The logic behind combining these systems makes sense when you consider the environment. Aquaponics facilities already maintain carefully controlled temperature and humidity conditions. Mushroom growing requires its own specific climate parameters, but the infrastructure overlap — insulated spaces, air handling systems, water management — means the marginal cost of adding mushroom production to an existing aquaponics operation is lower than building a standalone mushroom farm from scratch.
Urban Agriculture in Calgary's Industrial Belt
Calgary's southeast industrial area is a landscape of warehouses, manufacturing shops, and logistics companies. It's not picturesque, but it's practical. The zoning allows agricultural operations, the buildings provide the enclosed spaces that controlled-environment farming requires, and the location puts Deepwater Farms within the city limits — minutes from restaurants, grocery stores, and the farmers' markets where their products end up.

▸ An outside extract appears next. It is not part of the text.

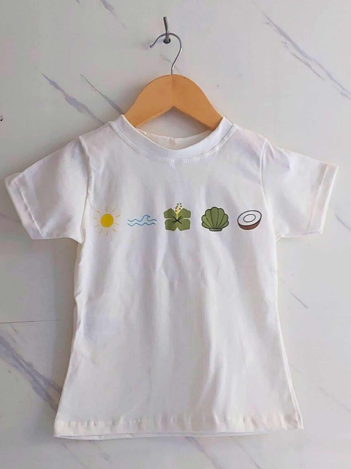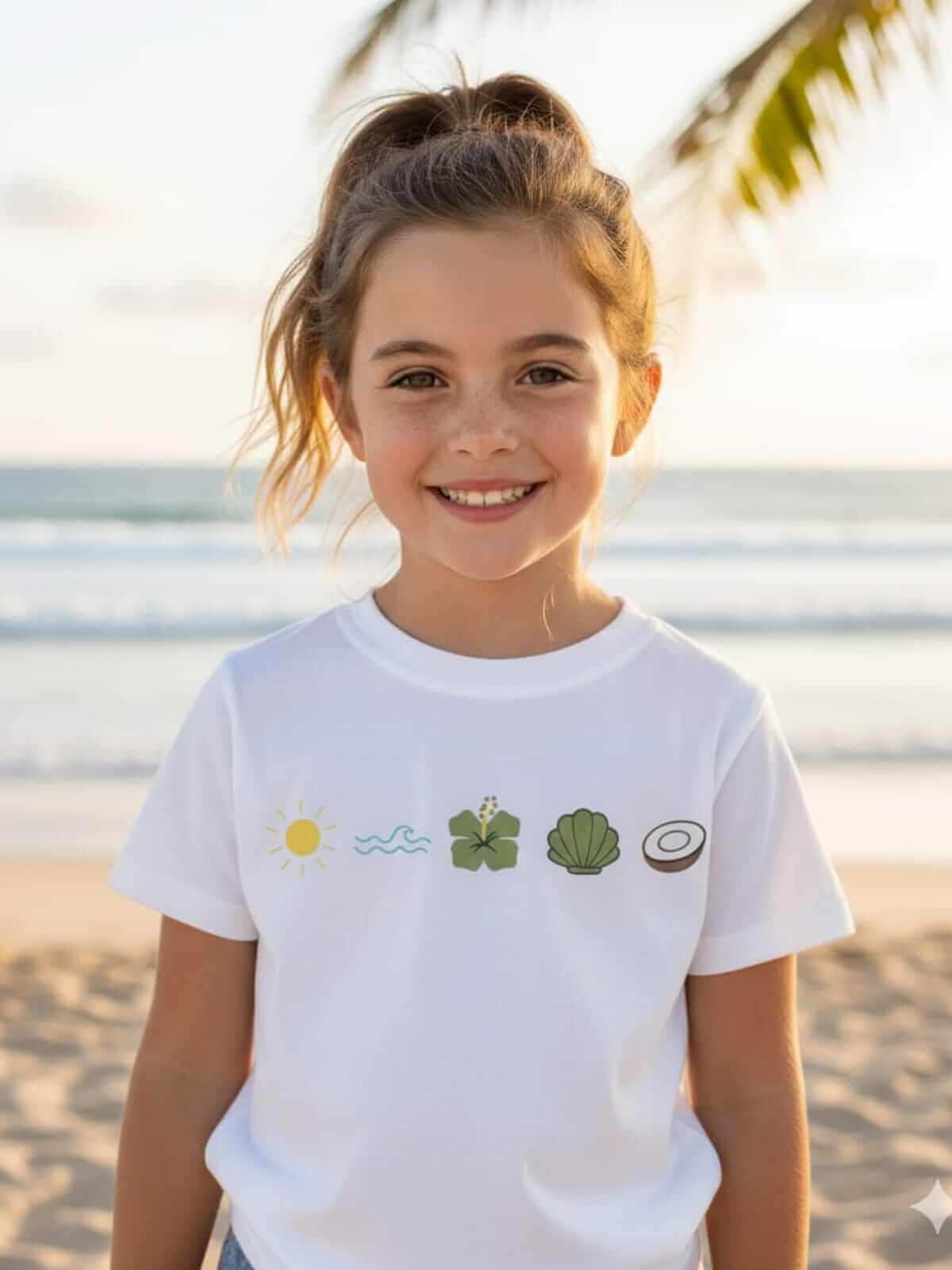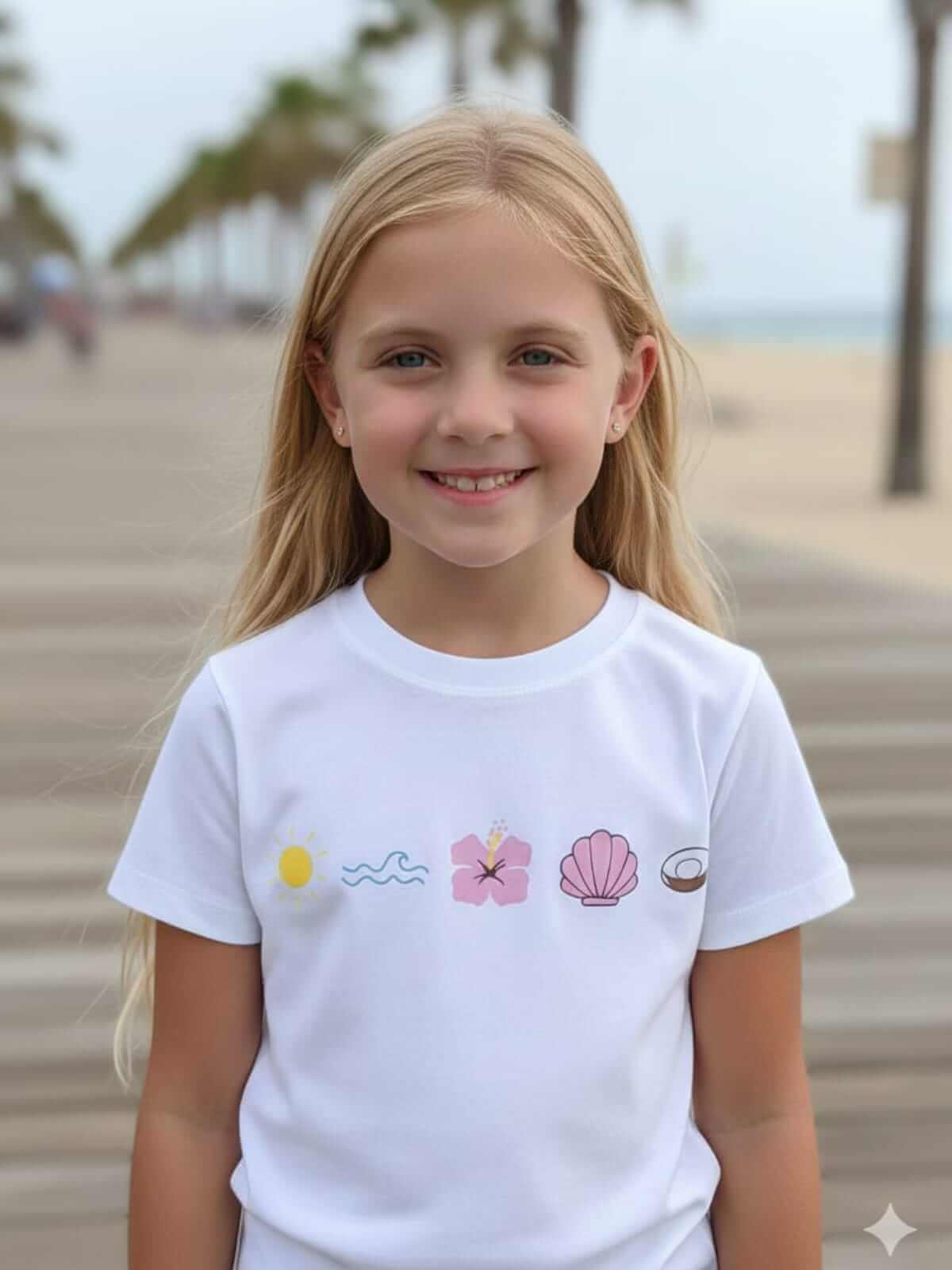 com elementos de conchas, coco, flores e o sol, trazendo aquele clima fresh e alegre que encanta no primeiro olhar.

That urban proximity is a genuine competitive advantage. Fresh mushrooms and greens harvested in the morning can be on a restaurant plate by lunch without ever touching a highway. For chefs who prize freshness, and for consumers increasingly interested in knowing where their food comes from, having a producer inside the city changes the conversation entirely.
The Numbers Tell a Story
A 4.8-star rating across 21 reviews is impressive for any agricultural operation, and particularly notable for one in an urban industrial setting. Twenty-one reviews represent a meaningful sample — enough to smooth out individual outliers and give a reliable picture of how people experience this business. The near-perfect rating at that volume suggests Deepwater Farms has built something that genuinely resonates with the people who encounter it.
Those reviewers likely include a mix of wholesale buyers, market customers, tour visitors, and community members. Urban farms tend to attract more public attention than their rural counterparts simply because they're accessible. People can visit, see the operation, and connect with the food being produced in a way that's harder to replicate when a farm is an hour outside the city.
A Model for Canadian Urban Food Production
Calgary is not a city typically associated with food production. It's known for oil and gas, ranching, and the Stampede. But the growth of operations like Deepwater Farms points to a shift in how cities think about their food systems. Urban agriculture won't replace rural farming, but it can supplement it — providing ultra-fresh, locally grown products that reduce transportation emissions and strengthen local food security.
The mushroom component of Deepwater's operation is particularly well-suited to urban farming. Mushrooms don't need sunlight, they grow vertically in stacked systems that maximize production per square foot, and they can be harvested on short cycles. In an expensive urban real estate market, that efficiency matters.
Deepwater Farms demonstrates that mushroom cultivation isn't confined to rural growing rooms and sprawling farm properties. Sometimes the best place to grow mushrooms is right in the middle of the city that's going to eat them.
You'll find Deepwater Farms at 3630 50 Ave SE in Calgary, Alberta.